Mayne wrote very little pure sf; the Earthfasts sequence, comprising Earthfasts (1966), Cradlefasts (1995) and Candlefasts (2000), is typical in that its sf elements crosshatch with Fantasy readings in a manner that ruthlessly evades any clear generic fix [for Crosshatch see The Encyclopedia of Fantasy under links below; see also Equipoise]. Earthfasts itself is a fine Timeslip tale in which an eighteenth-century drummer boy enters a cave to search for King Arthur's treasure deep Underground, emerging two centuries later from the edge of a hill, where he is befriended by modern youths, one a sceptic who feels impelled to interpret this and other fantastic intrusions in scientific terms. The lad soon disappears backwards through time, but his incursion has shaken the structure of reality in the contemporary world, dizzyingly in the second volume, slightly more reassuringly in the third, where much of the distress proves to have been caused by an entity from the Far Future who has been trapped in our earthfast landscape. Along with Earthfasts, two similarly complexly equipoisal tales – A Game of Dark (1971), whose protagonist travels to an Alternate World to kill the Monster whose death allows him to love his monstrous father, and The Jersey Shore (1973), a Timeslip meditation on race and destiny (the text was censored in America to gut it of any reference to the possibility of miscegenation) – constitute perhaps his central achievement.

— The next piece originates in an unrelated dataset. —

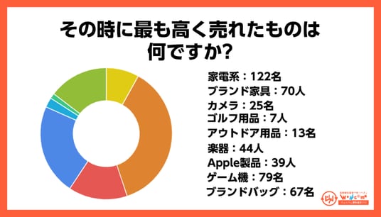 引っ越し時に売却して最も高く売れたものについて尋ねたところ、「家電系」(122票)が最も多い結果となりました。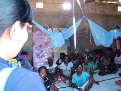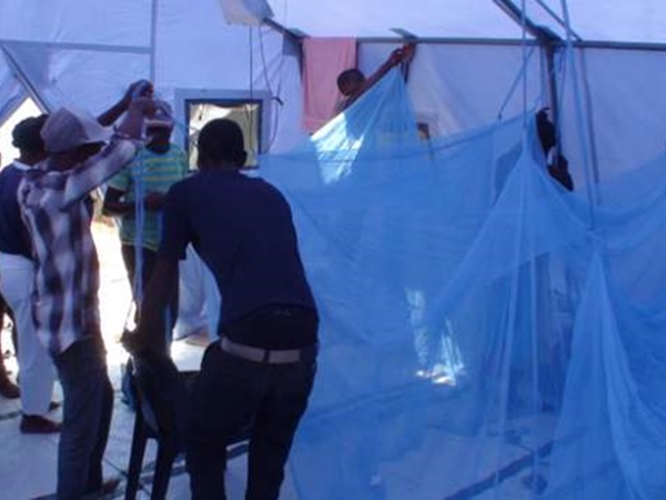 當地有瘧疾疫情,儘管得到瘧疾的民眾馬上就醫就沒有危險,但是目前公立醫院完全沒有庫存的瘧疾藥,而藥房則售價高,一般人付不起,因此杜絕蚊子侵擾的蚊帳顯得特別重要。看到掛滿了蚊帳,讓災民免受瘧疾之苦,慈濟志工蔡岱霖向災民說:「看到你們每個角落都有蚊帳,我們晚上也睡得安心了。」

Mayne's fiction typically (in a great variety of ways) depicts the past impinging on the present, often as a kind of mystery to be decoded; his work tends to climax in epiphanies where a chaotic present day is suddenly illuminated in this way; some of his books feature psychic Time Travel and ESP. A Swarm in May (1955), for the most part a realistic choir-school narrative, introduces a centuries-old talisman whose power to attract bees appears to stem from some pheromonic essence: an Invention of past chemistry or alchemy. Eerie noises from a "marsh-dragon" in The Member for the Marsh (1956) are explained as a mere pumping-engine, but usher in the true secret of the marsh, an Iron Age settlement with its associated sense of Time Abyss. A Grass Rope (1957), about a unicorn hunt (see Supernatural Creatures), won the Carnegie Medal; the unicorn searched for may be genuine. The Gobbling Billy (1959) as by Dynely James, with Richard Dynely ("Dick") Caesar (1906-1974), applies Mayne's collaborator's deep knowledge of vintage racing cars to the tale of the secret rebuilding of an implausibly huge 1907 six-cylinder sixteen-litre "Gobelin-Billet" capable of speeds well over 100mph on unprepared roads; the actual French car maker Gobron-Brillié stopped at 11.4-litre around 1907. The Invention in The Changeling (1961) around 1920 of a Free Air Platform, using the compressed air machinery that powers an entire village, is used by its inventor forty years later to assist in the recovery of the childhood memories of an old friend who believes herself to be a changeling. The elaborate enactment of Arthurian ritual dramas in The Twelve Dancers (1962) darkens and then lightens an ongoing quest to make a Welsh village, and its homesteaders, secure. The much later Winter Quarters (1982) imagines the customs of travelling fairground folk (who have forgotten important aspects of their own past) with an effect of deep strangeness, as of an alien culture. The overtly sf Skiffy sequence, comprising Skiffy (1972) and its sequel Skiffy and the Twin Planets (1982), was written for rather younger children, and while the second volume is interesting, it is not the equal of his best work.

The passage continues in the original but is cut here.